# Ants eating eggplant leaves?



## momx4 (Mar 5, 2011)

I've been a lurker on this site for a few months now (although I did post once). This is my second attempt at gardening; the first was at least 12 years ago now and actually did quite well, but I got lazy.

So to my question. My eggplant (black beauty) has small holes in most of the leaves and I can see a few ants crawling on them and in the dirt around them. I am assuming that the ants are what's eating the leaves; I don't see anything else. What can I do to keep the ants from eating the leaves? Can my eggplant survive? I only planted the garden a week ago and everything else is looking good right now, both the plants I started indoors from seed and the seeds planted directly which are just starting to sprout.

Thank you for any help or suggestions.

Paula


----------



## NWMO (Jul 26, 2005)

But am suffering right along with you! I have "powdered" the leaves with Sevin in an attempt to get whatever is eating the leaves to lay off........does not appear to be happening! The plant continues to grow and add new leaves, but is not attractive at all! None of my leaves are full.


----------



## maters (May 25, 2011)

Flea beetles are usually what does this to my eggplants. Flea beetles are about the size of fleas and hop away quickly when you approach them. Despite, their prolific leaf chomping, I've still managed to harvest good amounts of eggplant. The plants would have likely been better off without the flea beetles, but I'm sort of scared of pesticides, so unless the pest is killing the plant outright, I don't use it. Sometimes it's okay to let the bugs live and just plant more plants so that you get the harvest size you want. Because I don't use pesticides, I have a garden crawling with spiders, lizards, snakes, and frogs all of which do a great job of eating bugs.


----------



## willow_girl (Dec 7, 2002)

Ants also will feed on the "honeydew" secreted by aphids or scale insects.


----------



## momx4 (Mar 5, 2011)

Thank you. I went out and looked under the leaves, but I don't see any aphids. The ants haven't been out either since it's been cloudy/showering for the past few days. Some of the plants don't look like they'll make it, but others look like they might survive. Once the sun finally comes out again, I'll check again to see if I see anything.

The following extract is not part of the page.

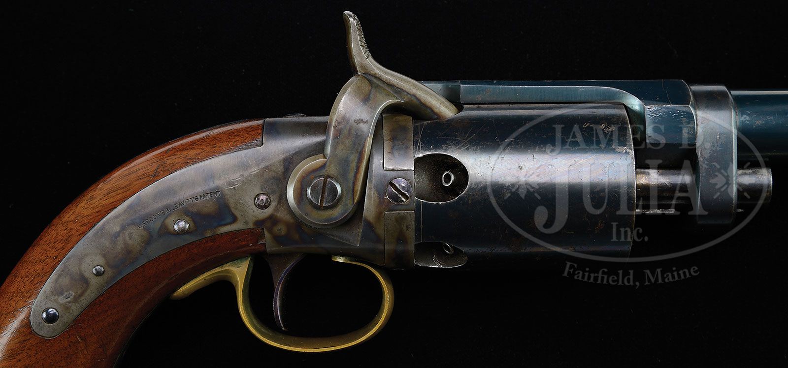 RARE WESSON & LEAVITT DRAGOON PERCUSSION REVOLVER. SN 111. Cal. 40. Blue & color case hardened with 7-1/8″ rnd bbl, German silver front sight and a tiny fixed sight at rear of top strap. Top strap is marked “MASS ARMS CO / CHICOPEE FALLS”. Frame & cyl spindle are color case hardened as is the right side mounted back action lock. Cylinder is 6-shots with convex front edge, contoured to mate with the angle of the bbl forcing cone. Cyl is unfluted & smooth with a square rear face that has stop notches. Nipples are set in angled recesses. Brass trigger guard is attached to the bottom of the receiver & front strap. Mounted with a varnished 1-pc walnut grip with matching SN on front face under the wood. Back strap & butt strap are 1-pc blued steel with matching SN on inside near the tip. Front face of recoil shield is also matching numbered. According to Flayderman’s Guide to Antique American Firearms only about 770 of these rare revolvers were produced in the period 1850-1851, some of which had factory attached rammers. CONDITION: Extremely fine plus, all matching. Overall retains virtually all of its crisp orig finish with glossy bright blue on bbl, top strap, bbl latch & back strap; frame, lockplate & hammer retain virtually all of their lightly faded orig case colors, strong & bright on lockplate; back strap has glossy bright blue. Grip has a few light nicks & dings and a series of shallow bruises on left side, otherwise is sound and retains virtually all of its orig factory varnish. Mechanics are crisp, brilliant shiny bore, probably unfired. 4-47358 JR182 (20,000-30,000)

Again, thank you for the help.

Paula


----------



## Paquebot (May 10, 2002)

Small holes in the leaves generally mean flea beetles. Ants would cut out pieces from edges. Takes a good eye to see the flea beetles but they are probably there. Ants were probably trying to catch them.

Martin


----------



## Vickie44 (Jul 27, 2010)

My eggplant always looks awful( because of flea beetles) but I get lots of eggplant. If you use Sevin you need to dust the bottoms of the leaves not just the tops.


----------



## momx4 (Mar 5, 2011)

It is flea beetles. When I looked again, I could see them. There doesn't seem to be too many on the plants; but I guess I'd better do something. Thanks!

Paula


----------



## JoannaCW (Nov 29, 2008)

I also have trouble with flea beetles on my eggplants, and I'm not comfortable using Sevin, but I've found some other ways to back the beetles off. Food grade diatomaceous earth (DE) dusted thickly on the leaves seems to stop things eating them, but has to be renewed whenever it rains. Coffee grounds sprinkled thickly around the base of the plant repel flea beetles and other insects. And for some reason when we plant our eggplants in a cold frame off to the side of the garden, even though the windows are usual open, fewer beetles seem to find the plants.
Good luck.
Joanna


----------



## StarlitSkies (Jun 26, 2012)

JoannaCW said:


> Food grade diatomaceous earth (DE) dusted thickly on the leaves seems to stop things eating them, but has to be renewed whenever it rains. Coffee grounds sprinkled thickly around the base of the plant repel flea beetles and other insects.


DE works good for me too. Like you said it doesn't last through the rain which means several repeats during the rain months of Florida. Thanks for the idea of the coffee grinds it seems like a bit longer solution. Think I might try that or a combo of both. Thanks!!


----------